_Work to be completed:_
Beginning with the line that contains "Number: 03**** |", copy each subsequent line of the data below through the last one, including both ends but not the pictures.

Stored dataset items:
┏━━

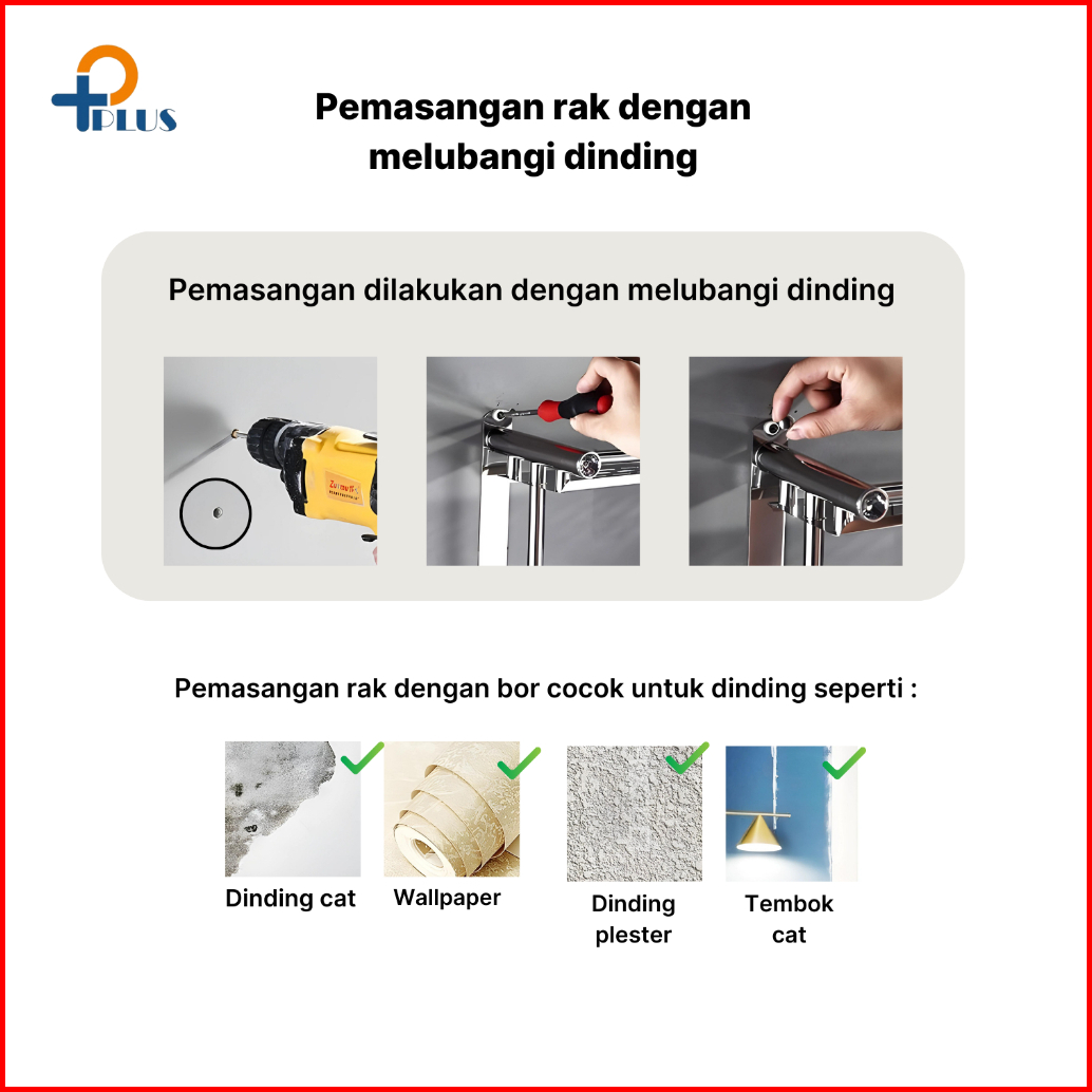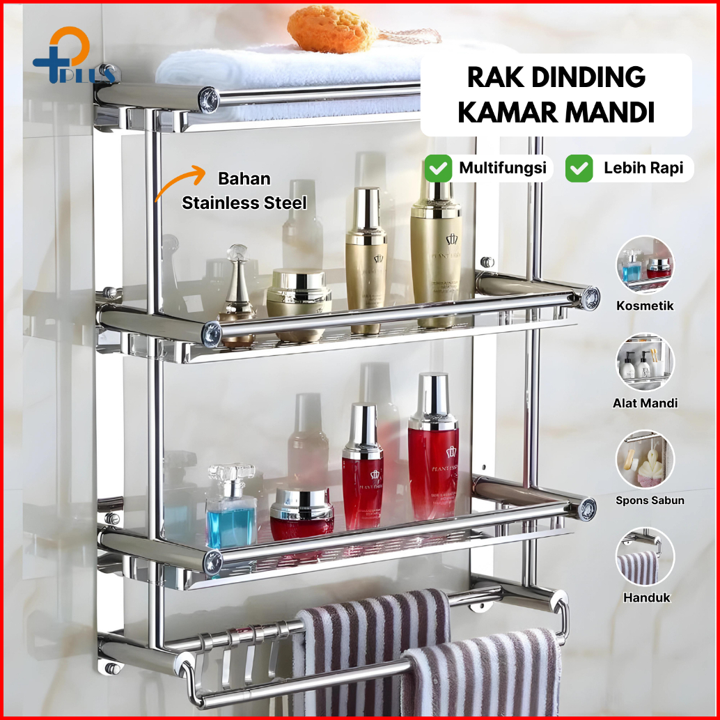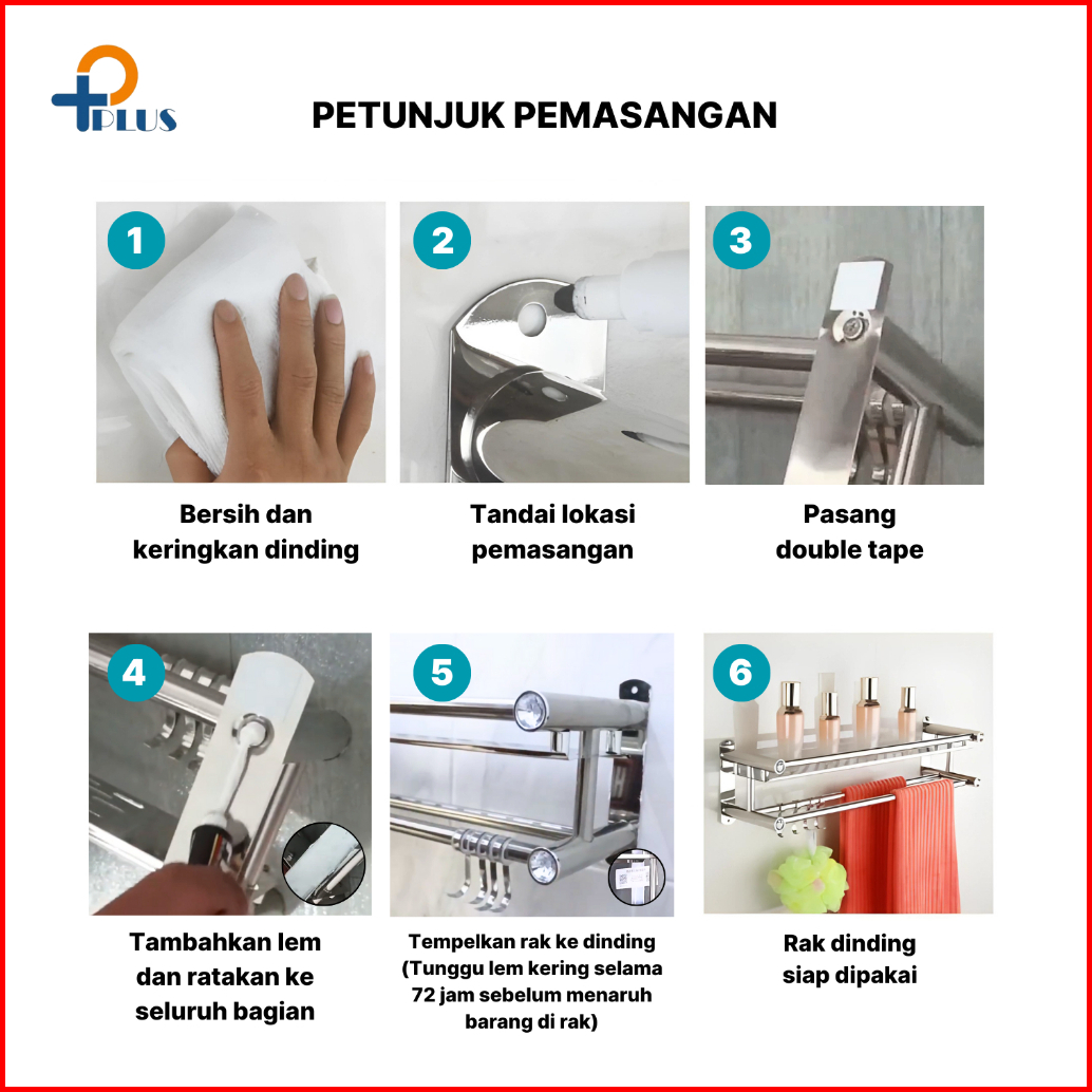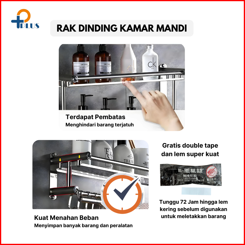 Pplus Rak Kamar Mandi Stainless Gantungan Handuk Model Tanpa Mesin Bor Sus304 Lem Super Kuat Rak Handuk Gantungan Dindin
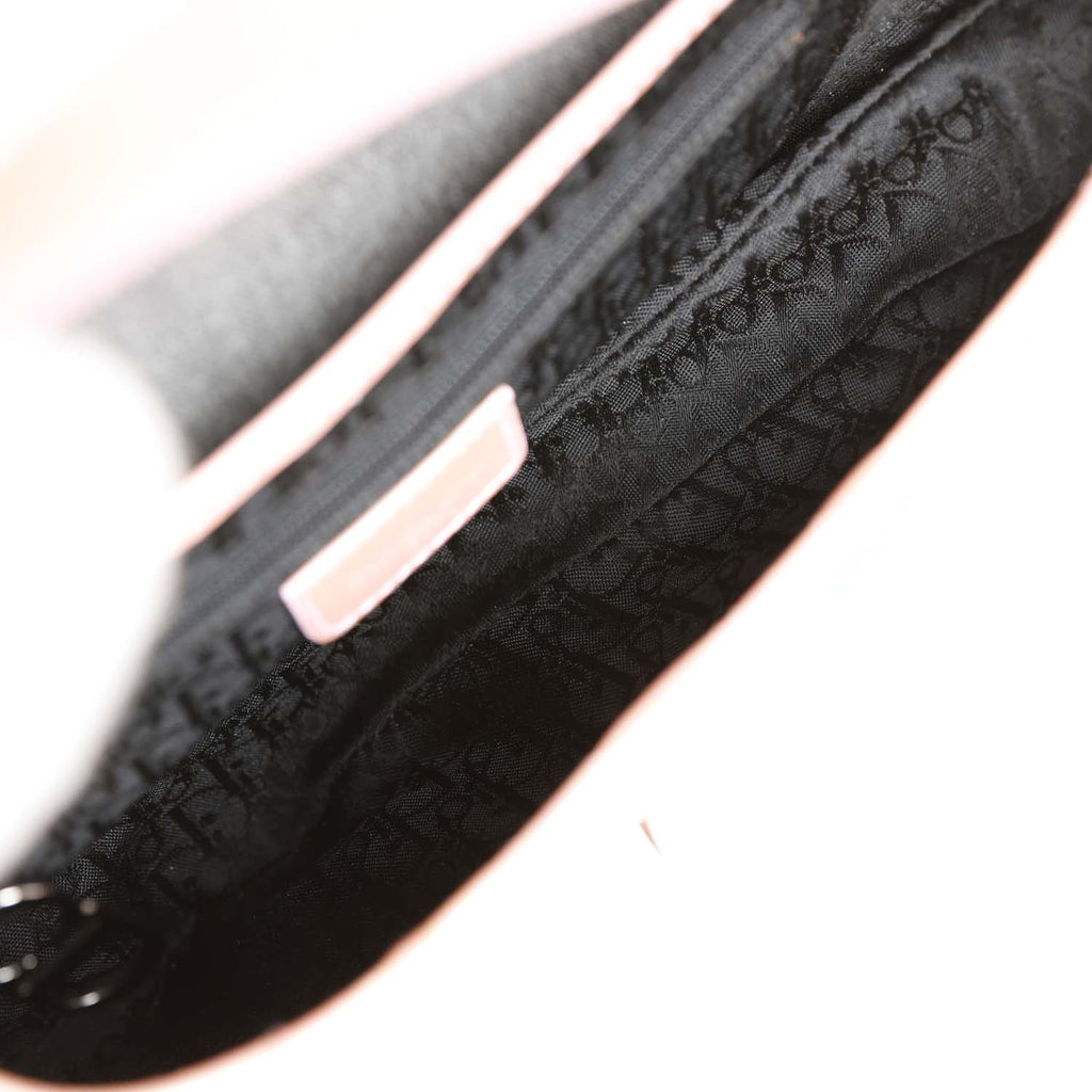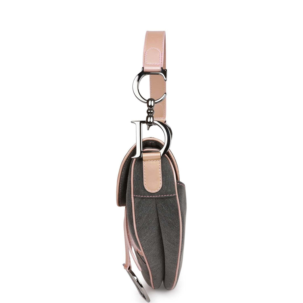 Vintage Christian Dior Saddle Bag Grey Denim and Pink Metallic Leather Silver Hardware
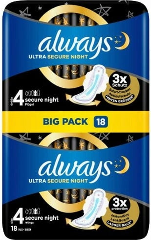 The Ultra Secure Night pads with wings from Always protect you from leaking your period for up to ten hours at night. The back is 60% larger than the Ultra Normal pad to give you extra security.
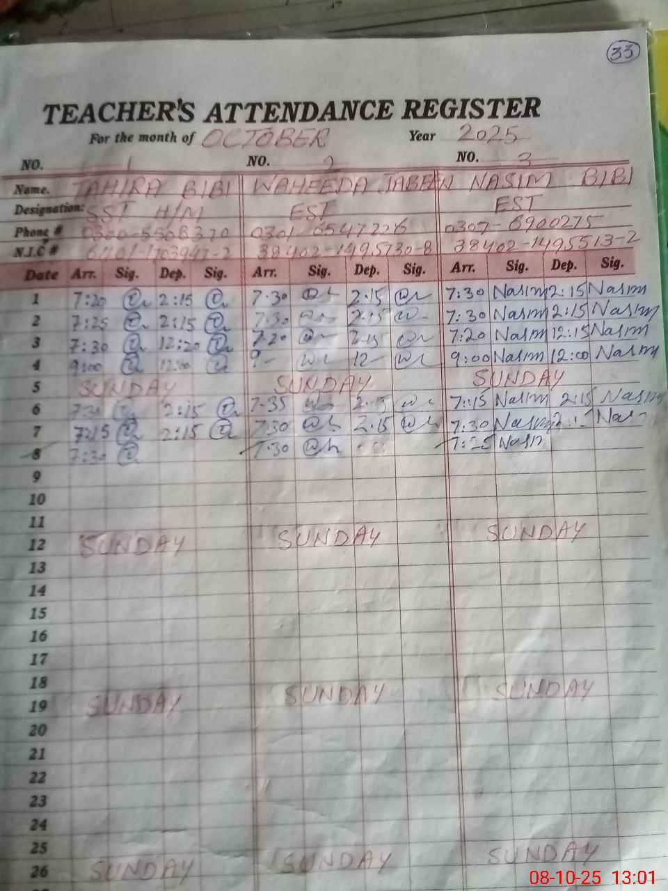 | Name: TA**** BI**** Designation: (School Headmaster's/Headmistress's) SST SCINCE Phone/Cell Number: 03**** |
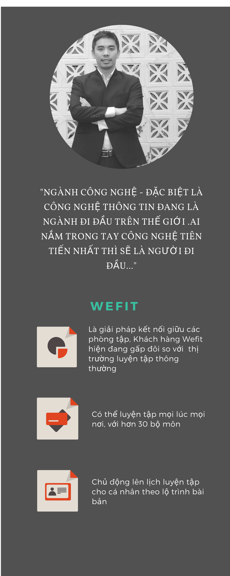(PLO) - Từ chối làm việc tại Microsoft, Nokia- những ông lớn trong ngành công nghệ, chàng kỹ sư máy tính Nguyễn Khôi quyết tâm về nước khởi nghiệp với mong muốn khẳng định bản thân và đem đến nhiều giá trị hơn cho xã hội. Anh cũng là người tiên phong đưa Wefit phát triển với nhiều tính năng hiện đại đáp ứng nhu cầu sức khỏe và thể hình.
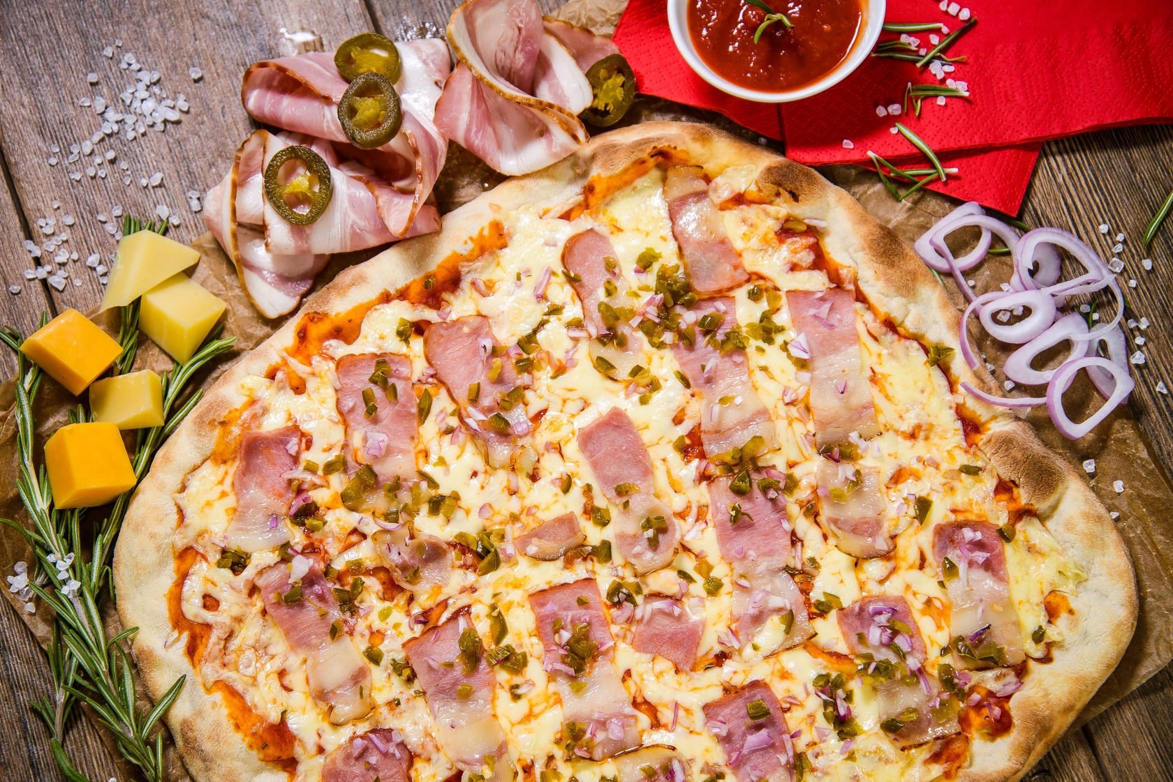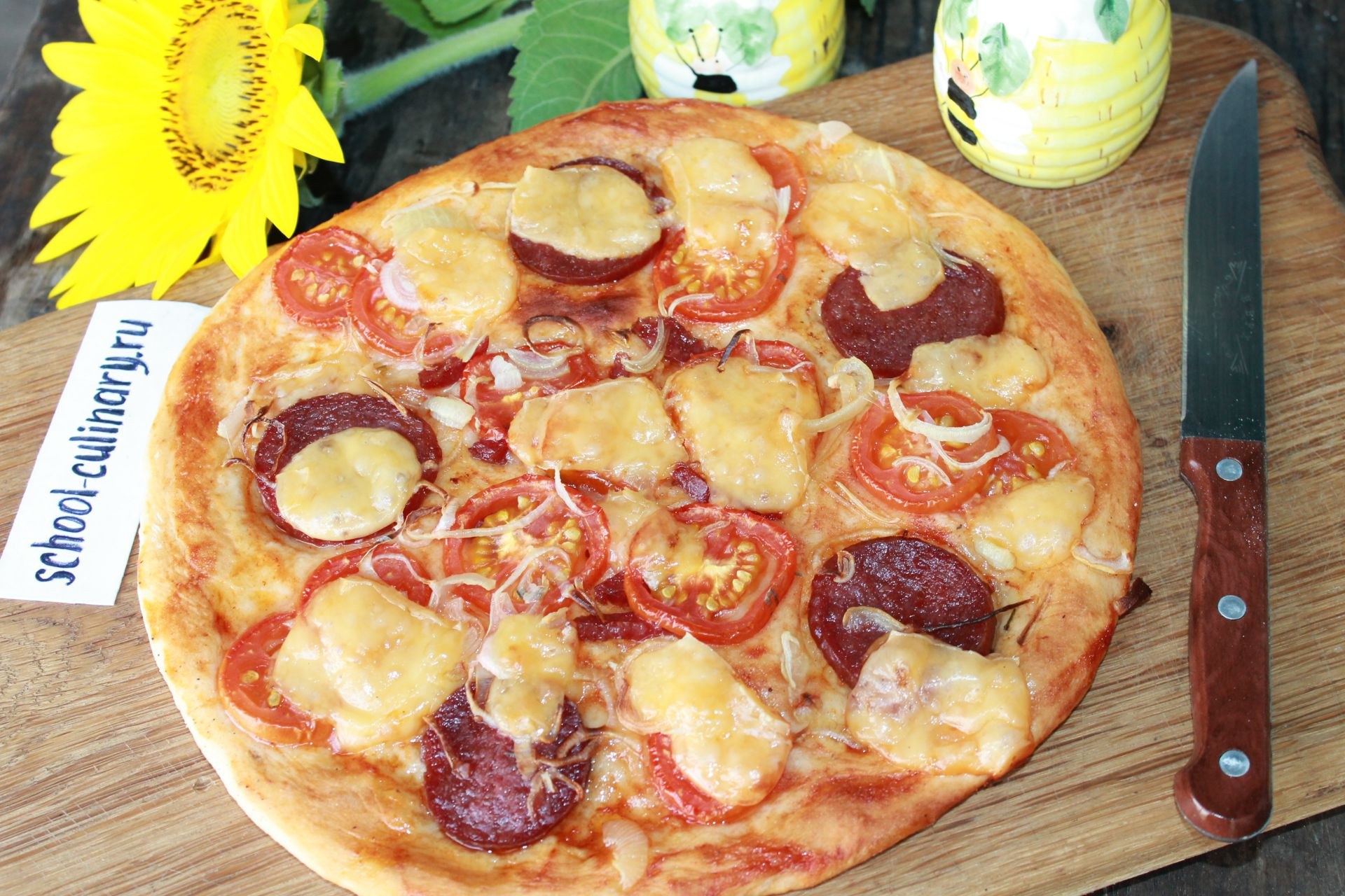 Пицца с колбасой

┗━━

_Response to the task:_
 | Name: TA**** BI**** Designation: (School Headmaster's/Headmistress's) SST SCINCE Phone/Cell Number: 03**** |
(PLO) - Từ chối làm việc tại Microsoft, Nokia- những ông lớn trong ngành công nghệ, chàng kỹ sư máy tính Nguyễn Khôi quyết tâm về nước khởi nghiệp với mong muốn khẳng định bản thân và đem đến nhiều giá trị hơn cho xã hội. Anh cũng là người tiên phong đưa Wefit phát triển với nhiều tính năng hiện đại đáp ứng nhu cầu sức khỏe và thể hình.
 Пицца с колбасой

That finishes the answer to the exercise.